With the knowledge of past climate behavior, scientists can better predict future climate behavior. 

Climate in the Northern Hemisphere of the past thousand years can be described as a “hockey stick,” with temperatures gradually going down, with some fluctuations, into the cool period of the Little Ice Age, roughly 1400 – 1850 AD, and then suddenly shooting up in the last 100 years. 

In the Northern Hemisphere, glaciers have remained relatively small throughout the Holocene, though they spread during the Little Ice Age. 

“In the Southern Hemisphere, in South America – Argentina and Chile – and New Zealand, we don’t see that pattern,” Kaplan said. 

“We see a different pattern.” 

Kaplan found that in Patagonia and Lago Argentino, the period that glaciers stretched to their largest during the Holocene was between 6,000 and 4,000 years ago, not during the Little Ice Age. 

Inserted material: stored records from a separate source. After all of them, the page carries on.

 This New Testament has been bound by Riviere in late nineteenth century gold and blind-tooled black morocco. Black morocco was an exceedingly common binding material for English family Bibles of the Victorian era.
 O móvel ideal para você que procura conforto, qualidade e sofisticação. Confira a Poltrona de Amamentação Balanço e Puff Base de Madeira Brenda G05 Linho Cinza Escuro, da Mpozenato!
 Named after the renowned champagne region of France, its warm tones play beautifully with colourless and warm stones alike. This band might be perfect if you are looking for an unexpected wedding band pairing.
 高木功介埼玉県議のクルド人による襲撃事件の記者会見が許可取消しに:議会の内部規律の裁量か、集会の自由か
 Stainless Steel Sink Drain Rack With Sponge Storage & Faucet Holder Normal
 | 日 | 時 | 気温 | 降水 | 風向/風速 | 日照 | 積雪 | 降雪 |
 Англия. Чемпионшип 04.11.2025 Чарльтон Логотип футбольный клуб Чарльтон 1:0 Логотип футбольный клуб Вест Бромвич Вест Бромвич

Glaciers advance and retreat on a regular basis, but in the Southern Hemisphere glaciers have retreated farther in each cycle, while in the Northern Hemisphere glaciers have in general steadily advanced. 

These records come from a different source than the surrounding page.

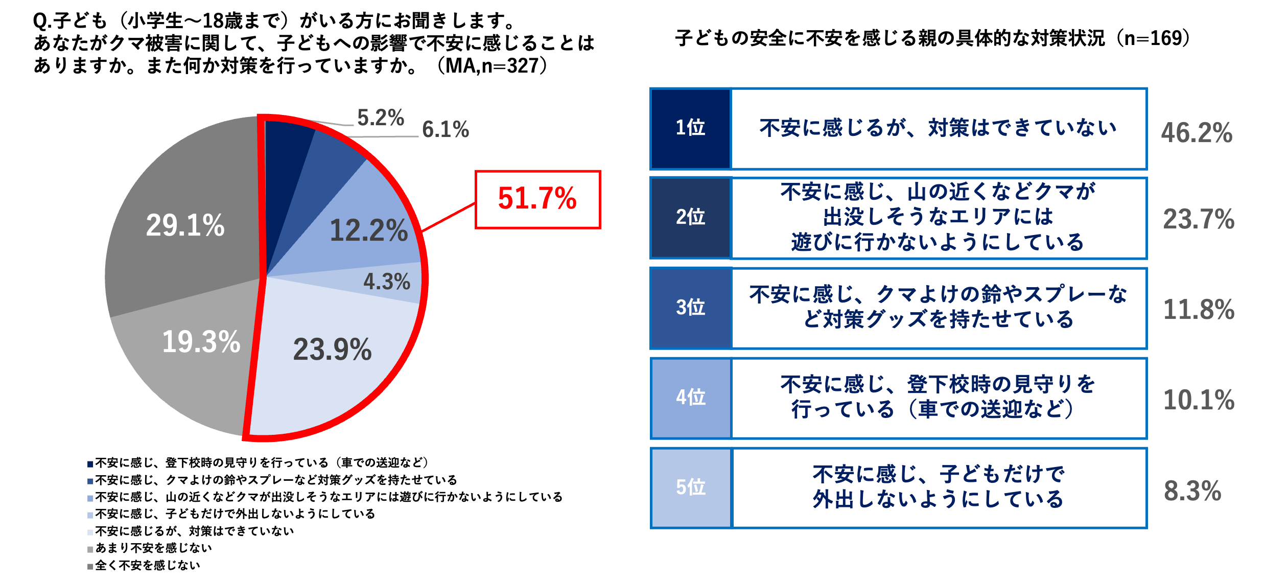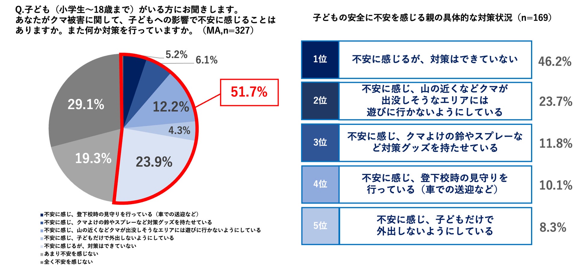 小中高生(小学生〜18歳)のお子さまがいる世帯(n=327)を対象に、クマ被害による子どもへの影響や不安について調査したところ、全体の半数以上(51.7%)が不安を感じていることが分かりました。そのうち、「不安を感じるが、対策はできていない」という回答は全体の23.9%にのぼり、不安を感じている層に限定すると、46.2%が「不安を感じつつも具体的な対策を実施できていない」実態が浮き彫りとなりました。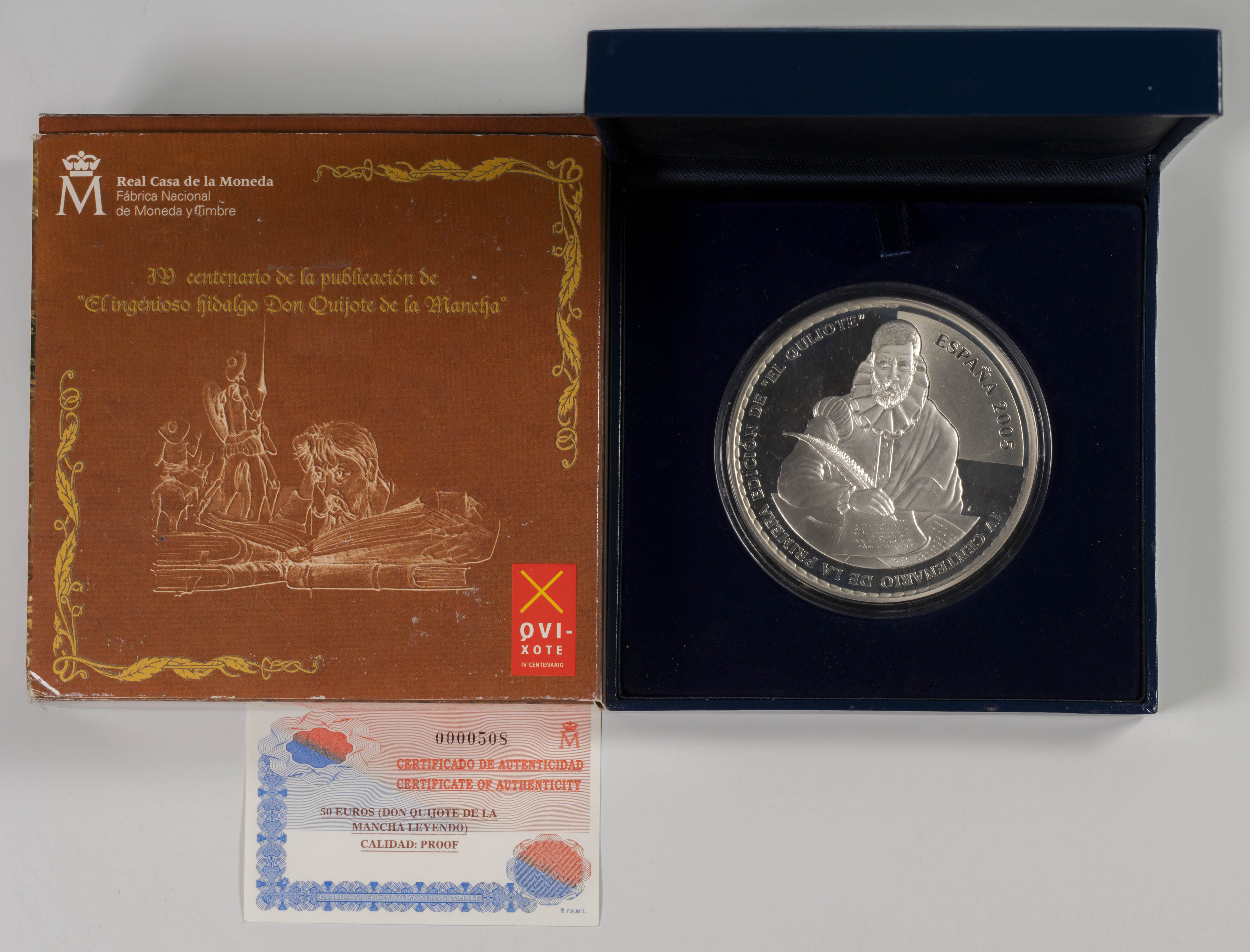 JUAN CARLOS I (1975-2014). 50 Euros. (Ar. 168.75g/73mm). Don Quijote de La Mancha. 2005. FNMT. PROOF. Incluye estuche original y certificado de autenticidad. Tirada de 12.000 unidades.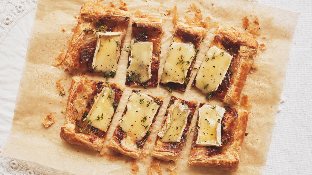 Inspired by the baked Brie my mom used to set out at her holiday gatherings, it requires just five ingredients and five minutes before it hits the oven. My mom went big with her baked brie, adorning the pastry-wrapped round of cheese with on-theme holiday shapes she’d cut out of the dough scraps with cookie cutters. My move is more lo-fi: Imagine a slick of sweet jam (you can use whatever you’ve got, but I’m particularly fond of fig or apricot), a layer of thinly sliced Brie, a few cracks of black pepper, and a couple sprigs of woodsy thyme tucked here and there, all on that same sheet of store-bought puff.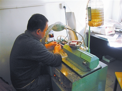 王师傅告诉笔者,自己老家在江苏扬中县,由于村子里很多人干这一行都赚了钱,所以他也“拜师学艺”。从学徒工算起,王师傅已经从事玉雕工作8年多了,因为自己技术好,还带了两个徒弟,“现在一个月能挣1万2000多元。”但他表示,学好这门手艺并不容易。“从简单的琢磨到精雕细刻,从加工烟嘴、手镯等简单的小件,到中等件、大型玉雕作品,学徒工怎么也得需要两三年的时间,打磨上百个玉石。”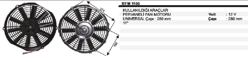 FAN MOT. 12V 11'' PERV.BÜYÜK (REVERSIBLE) RFM1100

John Mercer, a pioneer glacial geologist at Ohio State University, proposed this hypothesis back in 1968. But it wasn’t until the last 10 years that an improved form of dating using an isotope called beryllium-10 allowed scientists to accurately date the glacial changes and confirm the hypothesis. 

Aaron Putnam is one of those scientists and confirmed the hemispheric differences when he studied the Southern Alps of New Zealand. 

In Europe, the Medieval Warm Period allowed Vikings to sail across the Atlantic Ocean and settle in Greenland, while during the Little Ice Age people could safely skate across the River Thames in England. However, the Southern Hemisphere showed a very different picture. 

“[The New Zealand glaciers] were more extensive during Medieval times implying colder conditions, and they were retreating during the Little Ice Age, implying warming conditions,” Putnam said. “This asynchrony seems to go back through the last 10,000 years.” 

Putnam stresses the importance of the evidence that the hemisphere climates haven’t synchronized. “One of the main arguments against the present warming being due to human cause is people think it’s related, it’s just part of the cycle,” Putnam said. 

But with these new findings, scientists see that the natural cycle consists of contrasting climate between the hemispheres – not synchrony. The present trend of simultaneous warming between the hemispheres is a break from observed pattern, and that is what is alarming. 

“We think it’s most likely due to atmospheric CO2 rise,” Putnam concludes. 

But what accounts for this past difference in climate patterns between the hemispheres? 

“That, we’re still trying to figure out,” Kaplan said. 

Scientists are still in the process of collecting data to see what exactly the differences are between the hemispheres. 

Ideas about possible causes include differences in ocean currents and differences in insolation, which is the amount of energy received from the sun. The hemispheres are anti-phase in terms of insolation: because of the tilt of Earth’s axis, when one hemisphere receives more energy from the sun, the other hemisphere receives less. 

The insolation-based theory works well in part. However, it runs into some problems in southern South America. By its predictions, glaciers in the region should have been at their maximum around 10,000 years ago. However, they were at their maximum 6,000-4,000 years ago. 

An influential factor could be that southern South America is much closer to Antarctica, a significant mass of ice, which could exert a significant force on its climate. 

“There are reasons to suspect Antarctic climate to be different than European climate,” Kaplan said. “It’s affected by different natural climate variability, [such as] different ocean processes.” 

With man-induced global warming, it may be that the days of natural climate variability are numbered.